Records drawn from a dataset

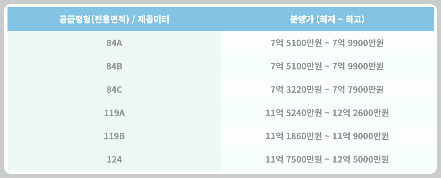 임대 66 75세대/ 분양 84/119/124타입 653 새 대 총 728세대 공급예정
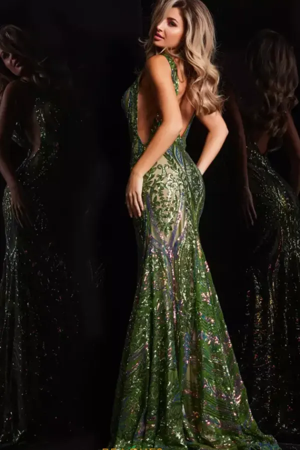 Make a head turning entrance when you light up the room in ultra sparkling long dress 22770 by Jovani. This dress is figure flattering and enhancing with a fitted cut that displays alluring details such as a V neckline, plunging side cutouts with mesh fabric for modesty, and a dramatic sweep train. A stunning combination of iridescent sequins and matching sequins adorn this dress from top to bottom revealing gorgeous and symmetrical beaded patterns that are guaranteed to have all eyes on you.
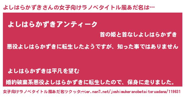 | 男性向けラノベタイトル風あだ名 | 『この素晴らしい世界によしはらかずきを!』 |
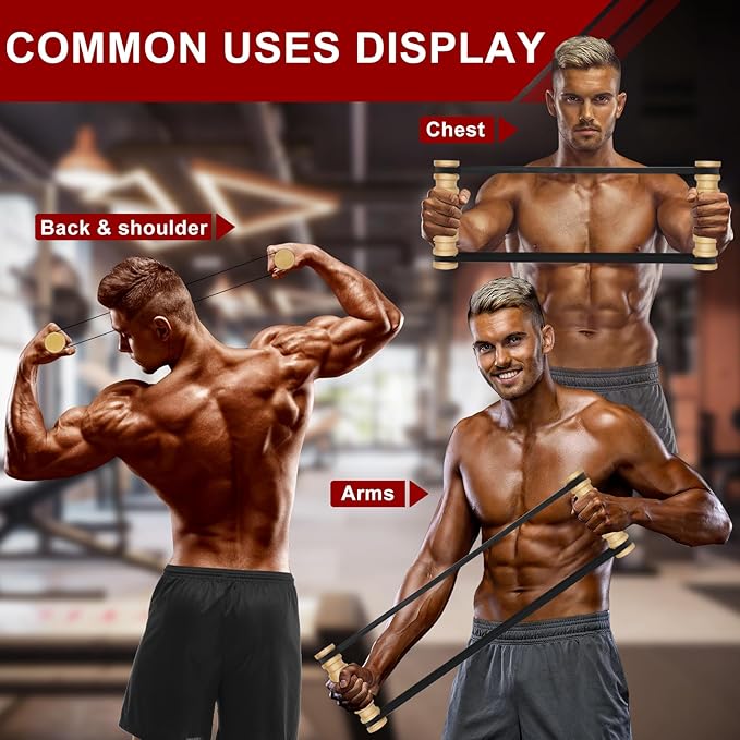Upgraded Rip Stick - Wooden Rpistick with 6 Elastic Band, Arm Exercise Equipment, Shoulder and Resistance Training, Chest and Core Workout Equipment, Muscle Building Accessories, Home, Gym, Adjustable
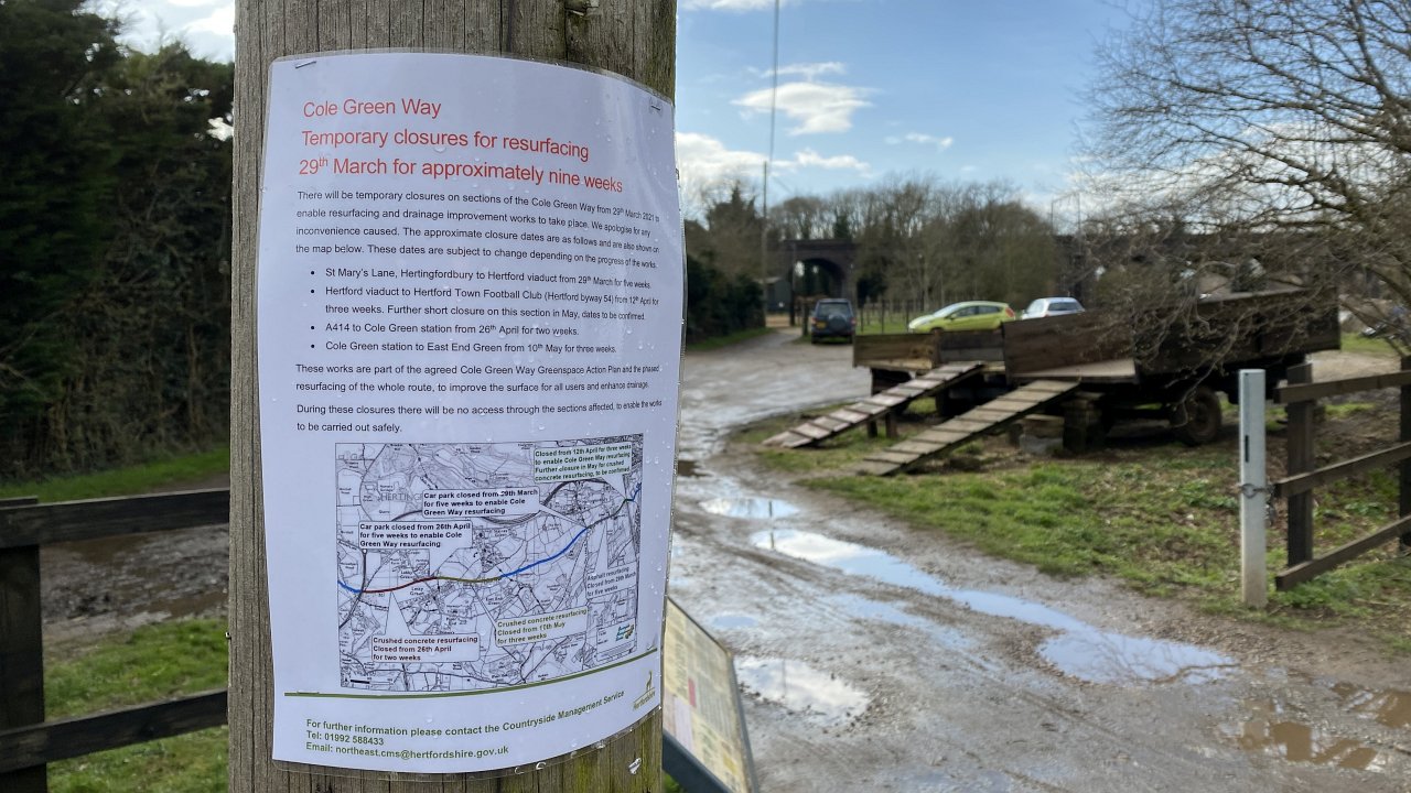 The car parks at in St.Mary's Lane in Hertfingfordbury and at Cole Green station will also close during the works, with Hertingfordbury closed from 29th March for five weeks and Cole Green from 26th April for five weeks.
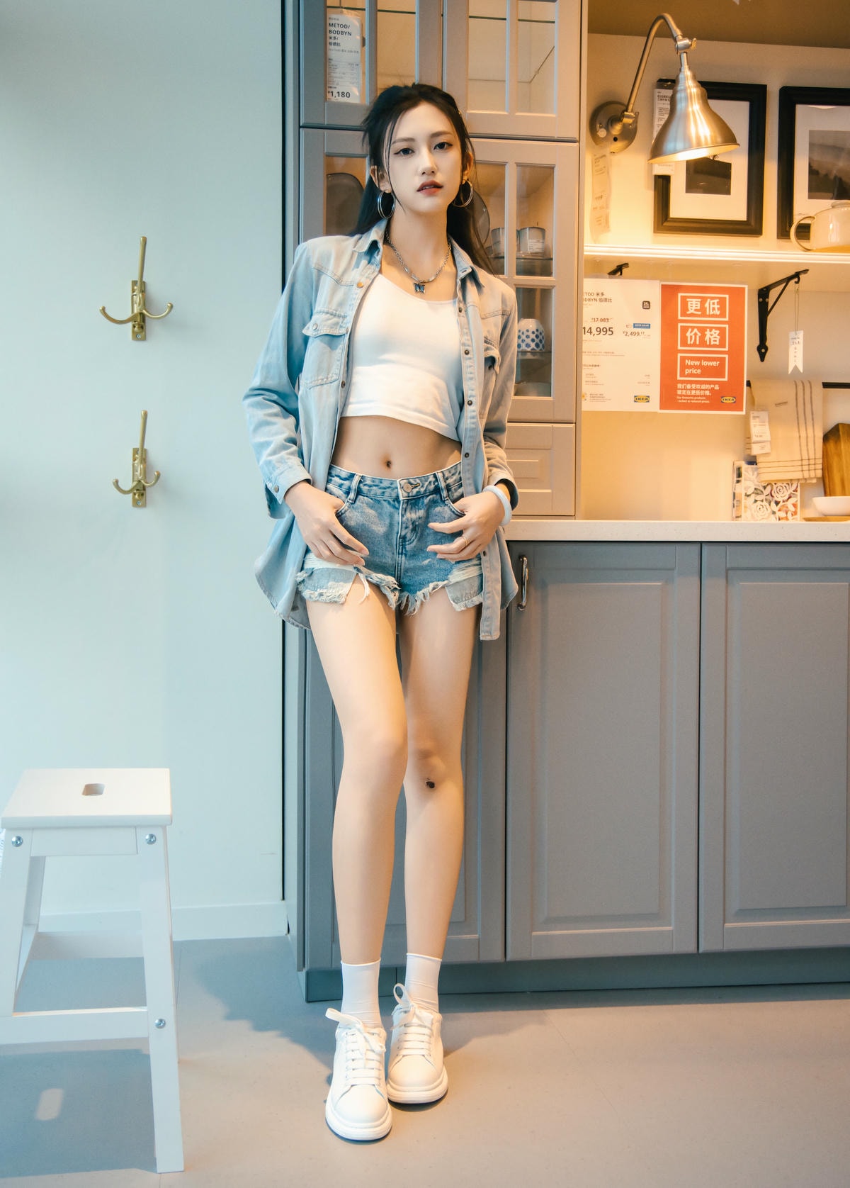 足愉心 NO.012 奶芙(搭配:碎花衬衫、牛仔长裤、运动鞋、白色棉袜、裸足)[110P2V 14.5GB]
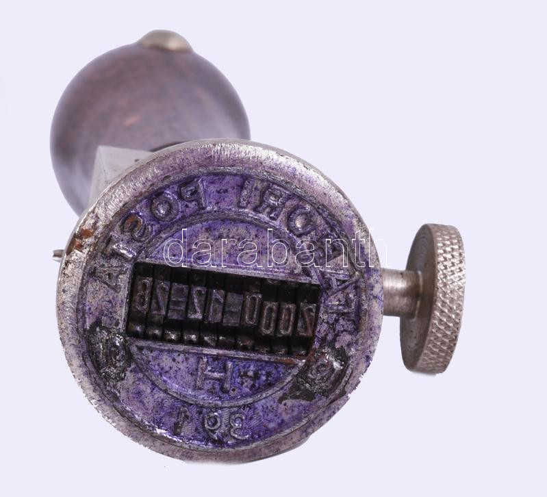 cca 1960/70 Tábori posta bélyegző, fa nyéllel, h: 13 cm

**DIRECTIONS FOR THIS TASK**
In your copy, repeat each record exactly and include no pictures.

**RESPONSE TO THE TASK**
 임대 66 75세대/ 분양 84/119/124타입 653 새 대 총 728세대 공급예정
 Make a head turning entrance when you light up the room in ultra sparkling long dress 22770 by Jovani. This dress is figure flattering and enhancing with a fitted cut that displays alluring details such as a V neckline, plunging side cutouts with mesh fabric for modesty, and a dramatic sweep train. A stunning combination of iridescent sequins and matching sequins adorn this dress from top to bottom revealing gorgeous and symmetrical beaded patterns that are guaranteed to have all eyes on you.
 | 男性向けラノベタイトル風あだ名 | 『この素晴らしい世界によしはらかずきを!』 |
Upgraded Rip Stick - Wooden Rpistick with 6 Elastic Band, Arm Exercise Equipment, Shoulder and Resistance Training, Chest and Core Workout Equipment, Muscle Building Accessories, Home, Gym, Adjustable
 The car parks at in St.Mary's Lane in Hertfingfordbury and at Cole Green station will also close during the works, with Hertingfordbury closed from 29th March for five weeks and Cole Green from 26th April for five weeks.
 足愉心 NO.012 奶芙(搭配:碎花衬衫、牛仔长裤、运动鞋、白色棉袜、裸足)[110P2V 14.5GB]
 cca 1960/70 Tábori posta bélyegző, fa nyéllel, h: 13 cm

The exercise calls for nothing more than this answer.